O presente texto aborda sucintamente as implicações jurídicas da forma dos actos dos Directores Nacionais/Equiparados no exercício de competências próprias ou subdelegadas. Parte-se da hipótese de que a forma adoptada para o acto determina sua eficácia externa ou somente interna, ou seja, vincula também terceiros ou apenas funcionários subalternos.

A abordagem observa três momentos. Inicialmente, se apresenta a definição e breves competências dos Directores Nacionais/Equiparados. Posteriormente, a forma dos actos e suas implicações jurídicas. Finalmente, as considerações finais sobre o assunto.
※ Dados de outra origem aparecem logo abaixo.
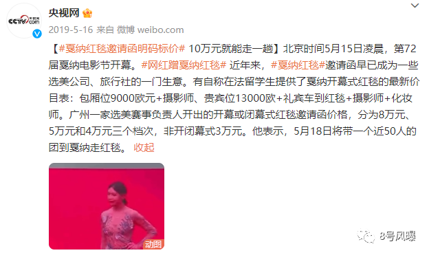 据央视网报道,戛纳红毯邀请函早已成为一些选美公司、旅行社的一门生意。

A legislação pertinente sobre a matéria, que serviu de fundamento da abordagem, envolve a Lei n.º 7/14, de 26 de Maio, sobre as publicações oficiais e formulários legais (LPO), o Decreto-Lei n.º 12/94, de 1 de Julho, sobre o regime jurídico e condições de exercício de cargos de direcção e chefia (DLDC), o Decreto Legislativo Presidencial n.º 11/20, de 26 de Agosto, referente a criação, estruturação, organização e extinção dos Serviços da Administração Central do Estado e dos demais organismos legalmente equiparados (DSE) e o Decreto Legislativo Presidencial n.º 2/20, de 19 de Fevereiro, alterado pelo Decreto Legislativo Presidencial n.º 3/20, de 9 de Março, sobre a criação, estruturação, organização e extinção dos institutos públicos (DIP).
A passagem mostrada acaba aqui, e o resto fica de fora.